Our genes tell us to eat fatty, sweet foods, and to fixate on sex because that strategy worked for our distant ancestors on the African veld. Our society tells us to believe whatever political doctrine, religion or economic theory those around us believe. When something tells us that "this isn't right," it is miraculous self discipline that enables us to say no and to orient our lives toward higher meanings.
One indication that self discipline may be something the Creation "wants" us to exercise is that sometimes flashes of insight reveal higher meanings that require of us self discipline if we are to embrace them.

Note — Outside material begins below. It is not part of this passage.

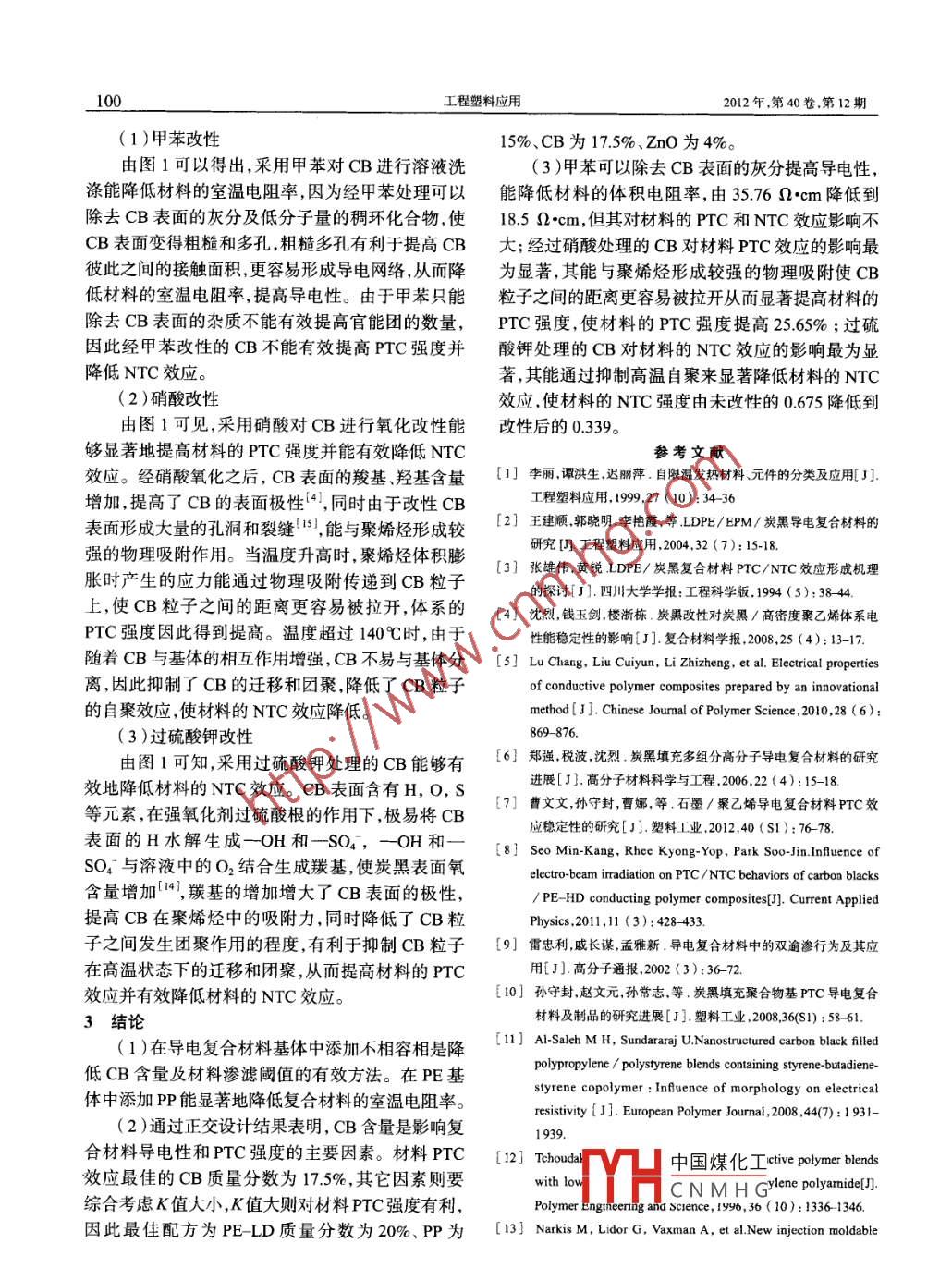 第40卷,第12期工程塑料應用Vol.40, No.12972012年12月ENGINEERING PLASTICS APPLICATIONDec. 2012doi:10.3969/j.isn.1001-3539.2012.12.023改性炭黑對多相聚烯烴/炭黑導電復合材料阻溫特性的影響*王延剛,譚洪生,李麗平(山東理T:大學材料科學與T程學院.山東淄博255049 )摘要:以高密度聚乙烯(PE- HD)為基體,研究了不同組分及炭黑(CB)改性方法對PE/聚丙烯(PP) /CB多相聚烯烴導電復合材料阻溫特性的影響。結果表明,在PE中添加PP能顯著降低材料的室溫體積電阻率,適量的CB能夠提高材料的正溫度系數(PTC)強度。經過硝酸和過硫酸鉀改性的CB能夠有效提高復合材料的導電性和PTC強度,其中硝酸改性的CB能與聚烯烴形成強物理吸附,使CB粒子高溫下更容易分開, PTC強度比未改性時提高了25.65%。此外,改性CB能使復合材料的NTC效應降低,其中過硫酸鉀使CB表面氧含量增加,提高了CB在聚烯烴中的吸附力,抑制高溫團聚,經過硫酸鉀改性CB的復合材料的NTC強度從未改性的0.675降低到改性后的0.339。關鍵詞:高密度聚乙烯;聚丙烯;改性炭黑;正溫度系數;阻溫特性中圖分類號: TQ322.2文獻標識碼:A文章編號: 1001-3539(2012)12-0097-05Effect of Modifed Carbon Black on Resistance and Temperature Characteristic of Multiphase Polyolefin/Carbon Black Conductive CompositesWang Yangang, Tan Hongsheng, Li Liping( School of Materials Science and Engineering, Shandong University of Technology, Zibo 255049, China )Abstract : The high density polyethylene ( PE- HD )was used as matrix, the influences of different constituents and differentmodification methods of carbon black(CB) on resistance and temperature characteristic of PE / PP / CB multiphasc polyolefinconductive composites were studied. The results showed that the volume resistivity at room temperature were reduced with theaddition of PP in PE and the PTC strength was increased with appropiate amount CB. The conductivity and the PTC strength of thecomposite materials were improved by modified CB, by HNO3 and K2S2Og modified CB could form strong physical adsorptionwith polyolefin to separate the CB easily under high temperature, the PTC strength improved 25.65% than that of composite withunmodified CB. Besides, the NTC effect was reduced by the modifed CB, among these, K2S2Ox could increase the CB surfaceoxygen content and the adsorption force in polyolefin was improved to restrain the agglomeration under high temperature, the NTCstrength of the composite modifed by K,S2O; was reduced from 0.675 to 0.339.Keywords:high density polyethylene ; polypropylene ; modified carbon black ; positive temperature coficient ; resistanceand temperature characteristic當前,聚合物基正溫度系數( PTC)材料已廣泛苯對CB表面進行洗滌,濃硝酸和過硫酸鉀對CB應用于導電和抗靜電材料、自控溫發(fā)熱材料、電磁進行氧化改性,研究了不同CB改性方法對PE/PP屏蔽材料等領域1-2。炭黑(CB )是最常用的導電/ CB復合材料的阻溫特性的影響,以探求穩(wěn)定PTC填料,為滿足復合材料的滲濾國值, CB含量通常較材料阻溫特性的規(guī)律。高,高填充使復合材料的黏度增大,加工性能變差;1實驗部分同時由于CB大多以聚集體的形式存在,高含量CB1.1 主要原材料在高溫下更容易自聚,導致材料電熱特性不穩(wěn)定,高密度聚乙烯( PE -HD):牌號DGDB 2480,熔NTC效應增大[3]。為解決上述問題研究人員通過體流動速率( MFR)為12.5 g/ !0 min,中國石油化采用增加不相容相、對CB進行改性、聚合物交聯、接枝改性4←8]等方法抑制CB的團聚,降低NTC效*山東省自然中國煤化工012)應,提高材料的負溫度系數( NTC )效應。筆者通過能化研究工作聯系人:譚判YHCNMHG的高性能化和功選用聚乙烯(PE) /聚丙烯( PP )兩相基體,采用甲收稿日期:2012-09-16.98工程塑料應用2012年,第40卷,第12期工股份有限公司齊魯分公司;試樣進行室溫電阻率的測試,測量試樣厚度后按照低密度聚乙烯( PE LD ):中國石油化工股份有使用說明將數據輸人測試儀,調節(jié)測試儀,每個試樣限公司齊魯分公司;片分別在不同位置測試3次,并記錄數據,最后求得PP:牌號T30S,MFR為0.9g/10min,中國平均數,得到試樣片的體積電阻率(p.)見公式(1):石油天然氣股份有限公司大慶石化分公司;RXS(1)CB : Y-10,天津利華進化工有限公司;氧化鋅( ZnO ):淄博憶鄴商貿有限公司;式中:R-- -電阻,Q ;抗氧劑1010、抗氧劑168:宜興市天使合成化S一試樣面積, cm2 ;學有限公司;L一試樣厚度 , cm。甲苯:山東興魯化工有限公司;(2 )阻溫特性測試硝酸:煙臺市雙雙化工有限公司;將試樣兩側銅網刮開,焊接上銅絲,然后連接過硫酸鉀:深圳市吉平化工有限公司。上導線放人電熱恒溫鼓風干燥箱內,導線的另一側1.2 主要儀器及設備連接萬用表,將干燥箱進行升溫,由25C升到180C轉矩流變儀: RM- 200A型,哈爾濱哈普電氣技并隨著溫度的升高記錄試樣的溫度和電阻值,按照術有限責任公司; .式(1)計算p、。式(2 )、式(3 )分別為PTC強度(d)電熱恒溫鼓風干燥箱: 101-1型,龍口市電爐制和NTC強度(0)的計算公式:造廠;0=lg(o;)(2)萬用表: DT9205A型,深圳山創(chuàng)儀器儀表有限公司;δ=lg(=)(3)熱模壓機: XH- 406型,廣東省錫華精密檢測儀器廠式中:Pmx--試樣最大電阻率, n .cm;萬能制樣機:ZHY_W型,承德試驗機有限公po一 試樣室溫電阻率,∩. cm;司;'min- 試樣達到最大電阻后電阻下降的最電線電纜半導電橡塑電阻測試儀:DB- 4A型,小電阻率, n . cm。上海虹運檢測儀器有限公司。2結果與討論1.3 試樣制備2.1組分對復合材料阻溫特性的影響(1 )聚烯烴/未改性CB導電復合材料制備按表1實驗內容稱取試樣料總質量45 g,按L。采用正交設

You can glimpse those higher meanings when you look into the starry sky at night trying to grasp the dimensions of things, and sense the tininess and vulnerability of our little Earth.
You can glimpse those higher meanings during pangs of love for a mate, a child, a home, neighborhood, a forest or the sea.
You can glimpse the meanings in certain music, in certain intellectual insights, and sometimes the meanings appear before us for no apparent reason at all.
Now, more than at any other time in human history, is the moment when self discipline is needed among us all, for the welfare of Life on Earth itself is at stake. With self disciplined thought we must gather information, judge what is true and what is false, and then do what we think is right.